**DATA SHOWN**:
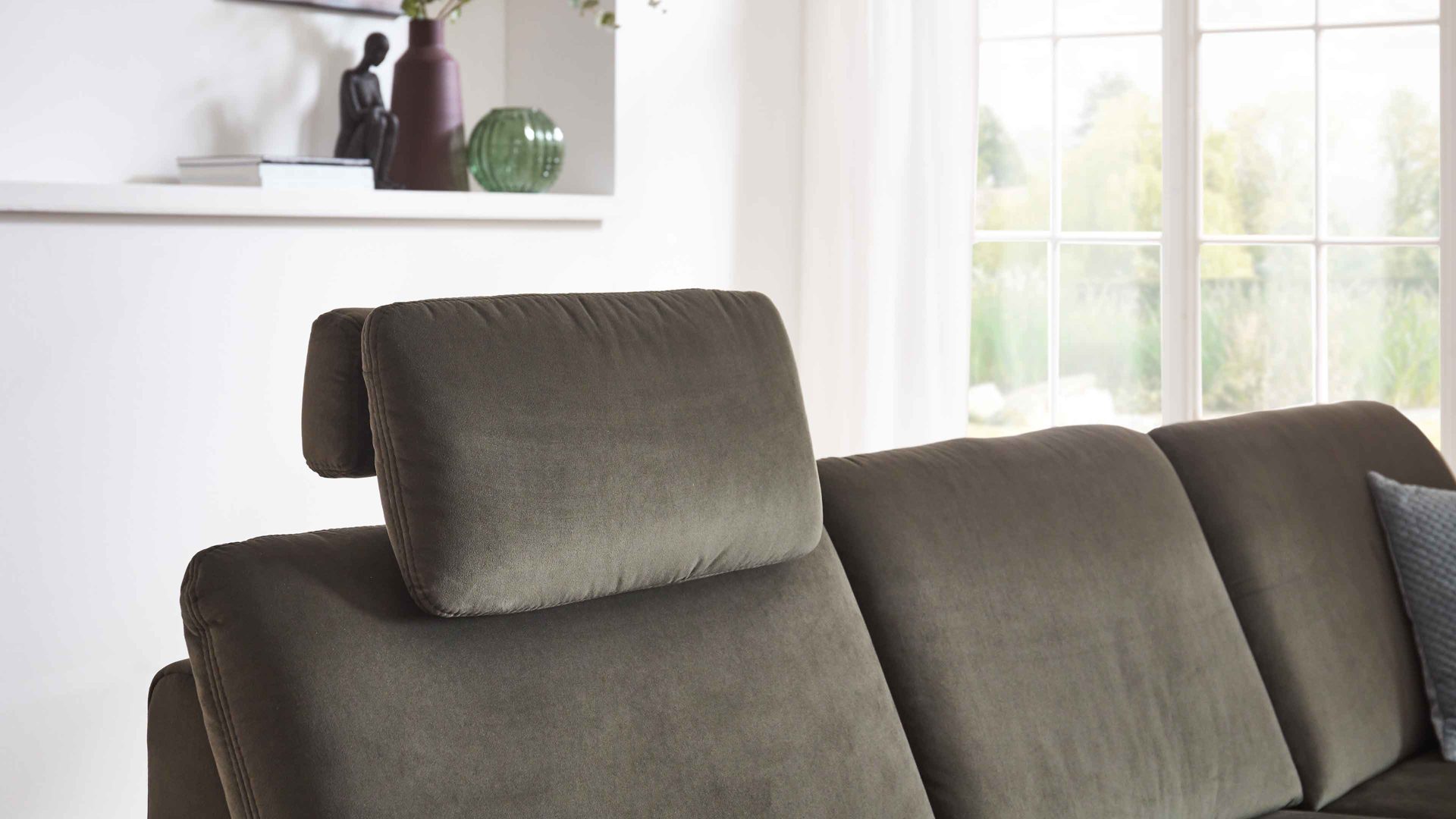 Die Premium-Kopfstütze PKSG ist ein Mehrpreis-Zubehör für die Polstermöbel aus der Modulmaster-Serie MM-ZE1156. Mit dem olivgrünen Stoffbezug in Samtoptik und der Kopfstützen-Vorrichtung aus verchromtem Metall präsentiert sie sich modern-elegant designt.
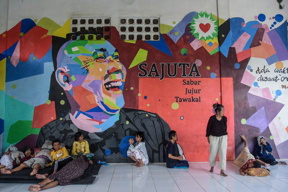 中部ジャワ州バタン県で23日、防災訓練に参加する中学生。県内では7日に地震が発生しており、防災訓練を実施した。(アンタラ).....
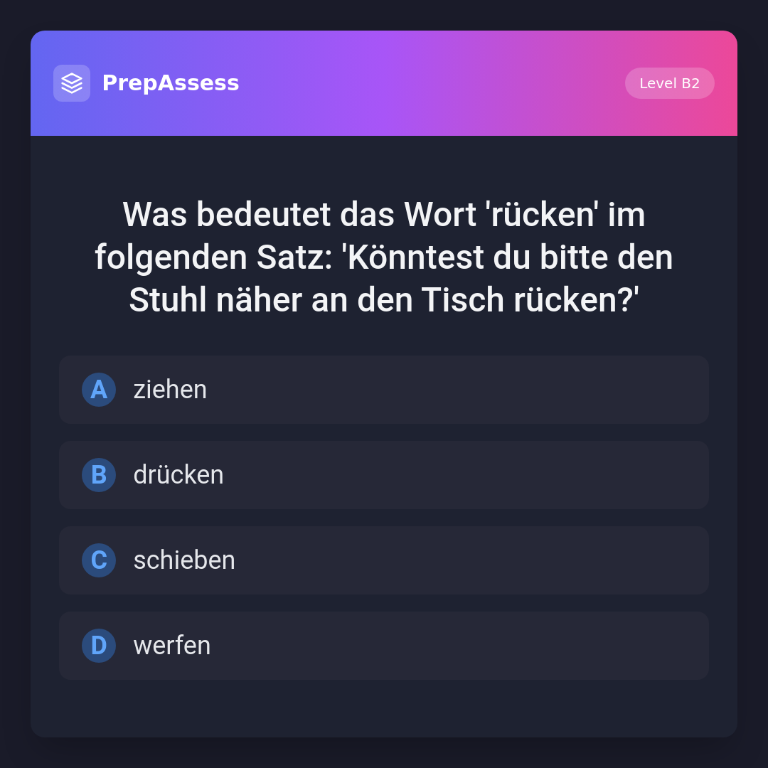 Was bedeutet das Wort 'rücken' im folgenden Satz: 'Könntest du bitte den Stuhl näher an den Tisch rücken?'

==

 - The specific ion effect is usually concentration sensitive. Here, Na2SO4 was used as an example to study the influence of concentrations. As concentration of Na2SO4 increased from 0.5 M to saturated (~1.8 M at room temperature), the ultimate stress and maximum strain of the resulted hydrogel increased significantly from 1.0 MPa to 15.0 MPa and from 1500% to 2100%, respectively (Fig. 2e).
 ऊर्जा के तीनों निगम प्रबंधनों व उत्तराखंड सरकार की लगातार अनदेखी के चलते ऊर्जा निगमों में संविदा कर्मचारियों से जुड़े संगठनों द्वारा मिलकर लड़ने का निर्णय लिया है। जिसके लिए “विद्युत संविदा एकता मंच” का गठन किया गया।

---

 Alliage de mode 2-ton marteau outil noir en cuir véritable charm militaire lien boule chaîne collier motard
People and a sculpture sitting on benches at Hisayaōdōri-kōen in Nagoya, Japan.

**WORK REQUIRED**: Would you give again, exactly, the lines in the data above that run from the line containing "中部ジャワ州バタン県で23日" to the line containing "Was bedeutet das"? Include both ends and no pictures.

**RESPONSE FOR THIS EXERCISE**:
 中部ジャワ州バタン県で23日、防災訓練に参加する中学生。県内では7日に地震が発生しており、防災訓練を実施した。(アンタラ).....
 Was bedeutet das Wort 'rücken' im folgenden Satz: 'Könntest du bitte den Stuhl näher an den Tisch rücken?'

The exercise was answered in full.